Version 1.0 ("benchmark-v1.0")

We have extracted this dataset from the complete version of the WebNLG data. It consists of following files:

final-complexsimple-meanpreserve-intreeorder-full.txt: Complex and Simple Sentences with their semantic identifiers.
webnlg-corpus-release: RDF triples related to each semantic identifier.
Split-train-dev-test.benchmark-v1.0.json: Train, Development and Test Splits.

Improvements over Version 0.1

The WebNLG Categories

benchmark-v0.1: It was extracted from an incomplete version of the WebNLG corpus with 8 DBPedia categories (Airport, Astronaut, Building, Food, Monument, SportsTeam, University, WrittenWork).
benchmark-v1.0: It is extracted from the final version of the WebNLG corpus with 15 DBPedia categories (Airport, Building, Food, SportsTeam, Artist, CelestialBody, MeanOfTransportation, University, Astronaut, City, Monument, WrittenWork, Athlete, ComicsCharacter, Politician).

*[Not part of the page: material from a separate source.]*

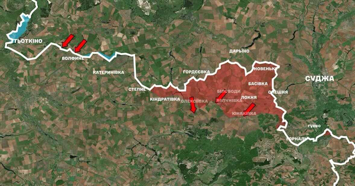 І що особливо тривожно — на офіційній карті Генштабу ЗСУ видно ознаки нового російського наступу на Сумщині в районі села Волфине. Ворог намагається просунутися саме тут, відкриваючи ще один напрямок тиску на область.

Number of Meaning Preserving (Complex-Simple) Pairs

Version	# distinct complex sentences	# complex-simple pairs with partitions	# complex-simple pairs without partitions
benchmark-v0.1	5546	1098221	1945
benchmark-v1.0	18830	1445159	6951

Splitting Method

benchmark-v0.1: In this version, we followed standard practice in the Simplification literature. We ensured that complex sentences in validation and test sets are not seen during training by splitting the 5,546 distinct complex sentences into three subsets: Training set (4,438, 80%), Validation set (554, 10%) and Test set (554, 10%). This way of splitting does not guarantee that the RDF triples seen in the validation and test sets won't occur in the training set. As a result, it leads to a large n-gram overlaps between the training, validation and test sets.
benchmark-v1.0: In this version, we ensured that if an RDF triple t: (e1, r, e2) is seen in the validation or test set, it does not occur in the training set. However, e1 or r or e2 may have occurred in the training set with some other RDF triples. This automatically guarantees that the complex sentences in the validation and test sets are not seen in the training set.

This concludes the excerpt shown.